PROBLEM STATEMENT: Every line of the material must be restated exactly, though not its pictures.

Top of PROVIDED DATA

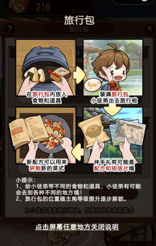 道具旅行包:可以在旅行包中放入食物和,装满背包可以出去旅游了。新配方可以用来研制新的菜谱,也可以明信片。
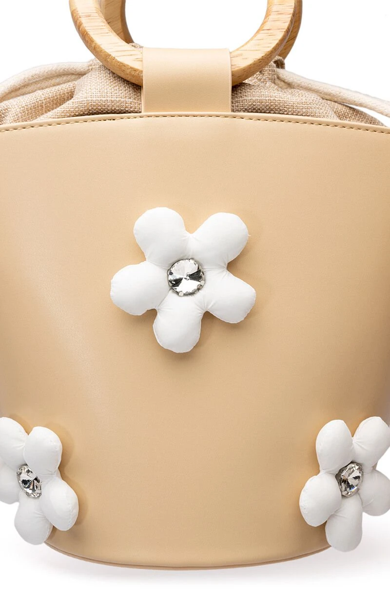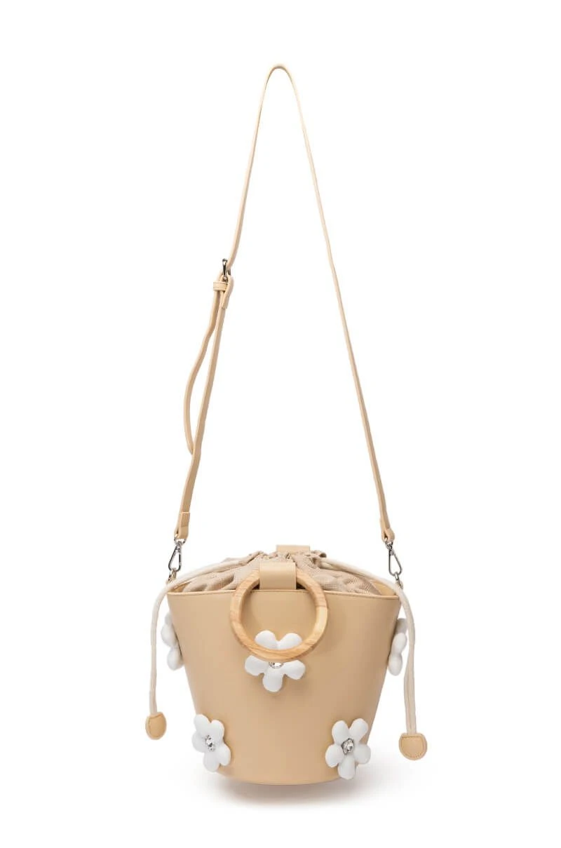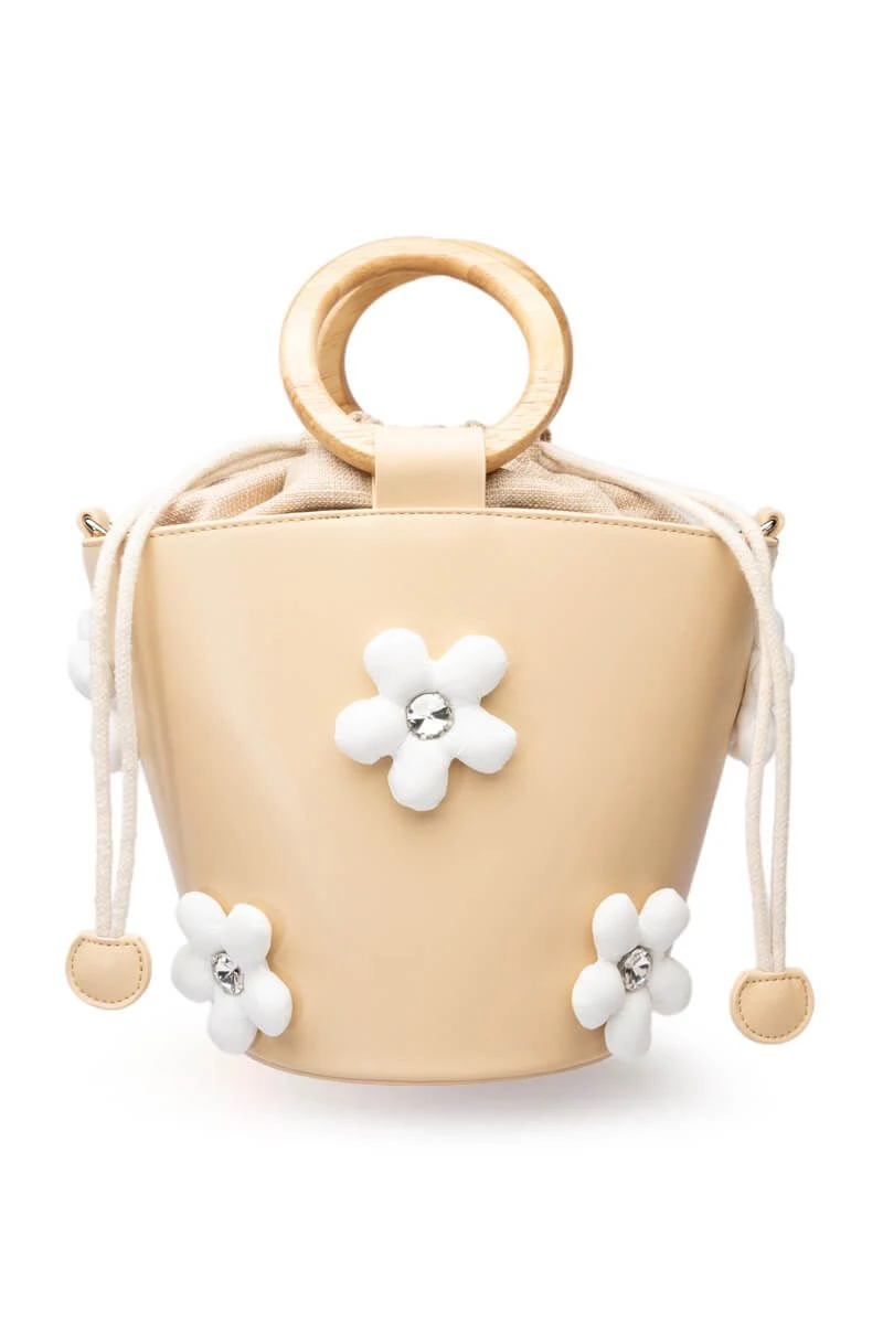 The AKIRA Label Regal Floral Detail Buck Bag features a structured vegan leather fabrication, a bucket bag silhouette, an inner raffia lining, dual faux wooden handles, and a drawstring top closure. Complete with an adjustable, removable shoulder strap, puffy three-dimensional floral accents, rhinestone detailing, and a roomy interior pocket.
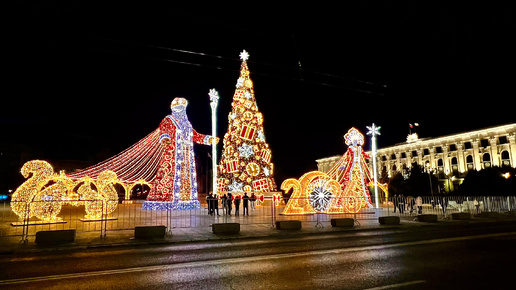 Новогодний Симферополь в декабре 2025. Гигантские фигуры на площади Ленина
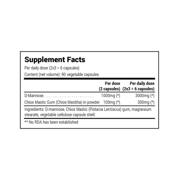 D-mannose & Chios mastic supplement contains D-mannose, and Chios mastic a unique natural ingredient of Greece with protected designation of origin.

Bottom of PROVIDED DATA

ANSWER FOR THIS EXERCISE:
 道具旅行包:可以在旅行包中放入食物和,装满背包可以出去旅游了。新配方可以用来研制新的菜谱,也可以明信片。
 The AKIRA Label Regal Floral Detail Buck Bag features a structured vegan leather fabrication, a bucket bag silhouette, an inner raffia lining, dual faux wooden handles, and a drawstring top closure. Complete with an adjustable, removable shoulder strap, puffy three-dimensional floral accents, rhinestone detailing, and a roomy interior pocket.
 Новогодний Симферополь в декабре 2025. Гигантские фигуры на площади Ленина
 D-mannose & Chios mastic supplement contains D-mannose, and Chios mastic a unique natural ingredient of Greece with protected designation of origin.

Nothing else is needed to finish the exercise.